WAIT! Wait, don’t leave! I promise this will be the last time but ifyouleaveyounowyou’llreallyregretitcausethispostisatleastmildlyamusing
andit’snotlikeyouhaveanythingbettertodoandohheydidyouhappentoseewhere
typingthewordsclosetogetherlikethismadeitspelloutthewordtitheh.

Anyway, as I was saying, I’m sure you guys are tired of hearing about my dog. But in my defense, writers tend to write about things they know. And since I now work from home, most of the things I know revolve around spending 10 hours a day stuck in the house alone with Buffy.

Ah, yes, the glamorous life of the freelance writer (I also now know 52 ways to make Ramen taste less sucky…The key? Drink heavily while cooking).

The other thing that happens when you spend this much time at home is that you notice just how truly dirty your house is. I mean, when you leave to go to a job every day, it’s easy to ignore the pile of dishes, the crumbs, the beer pyramid on the coffee table, the hobo who has taken up residence in the southwest corner of the living room.
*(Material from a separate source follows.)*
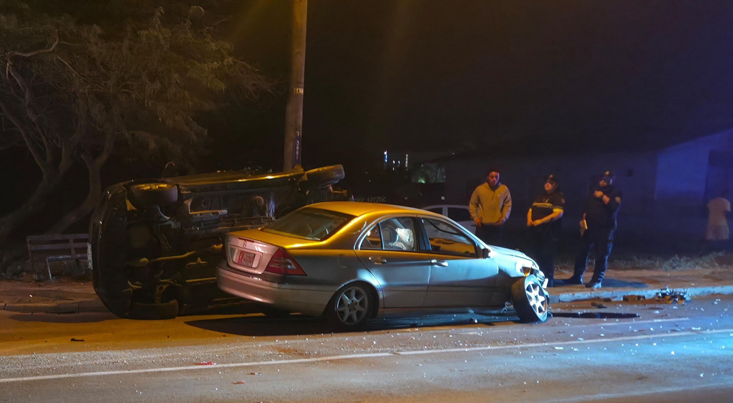 Na yegada agentenan a topa cu dos auto, un Mercedes-Benz y un Toyota Vitz. E impacto tawata uno duro, mirando con e Mercedes-Benz a klem e Vitz contra un palo di luz.
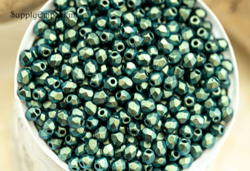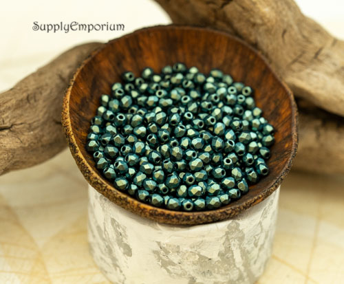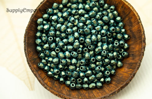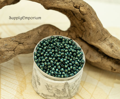 3mm Jet Green Czech Glass Fire Polish Round – 50 pieces – 5172R

But when you can’t escape the filth, you’re forced to deal with it on a daily basis and…*SHUDDER*…clean. Like regularly. And not on my preferred former cleaning schedule of “I can’t take it anymore…where’s the mop? Sh*t! Do we have a mop?”.

Which, brings me back to my dog. With this new cleaning habit I have acquired, I also now notice just how much dog hair he sheds on a daily basis. Whereas before I was used to the random “dog fur tumbleweed” moseying through the house, it has now escalated to “Indy running away from the giant boulder” proportions.

There’s so much hair that I’m starting to suspect Buffy isn’t even really a dog, just some mutant strain of dog fur that once rolled through a puddle of nuclear waste, became self-aware and started to asexually reproduce.

It never used to be this bad. At first, I thought he was shedding so much just out of spite because I refuse to let him eat that uppity cat next door. But then I realized we now live in a place with seasons. Like, four of them. And four seasons means cold and hot. Which means pets gain and lose fur on a regular basis. Which means 94 percent of my life will henceforth be devoted to sweeping.

Not that I’m bitter.

Or anything.

I mean, it’s just EVERYWHERE! Every corner! Every crevice! It gets into the fridge! The A/C vents! The couch! And the last straw…my BOOZE!

Oh, and I’m pretty sure the majority of my major airways. Maybe even the minor ones.

It just floats through the air, with the greatest of ease, settling on everything like a 1930’s dust storm.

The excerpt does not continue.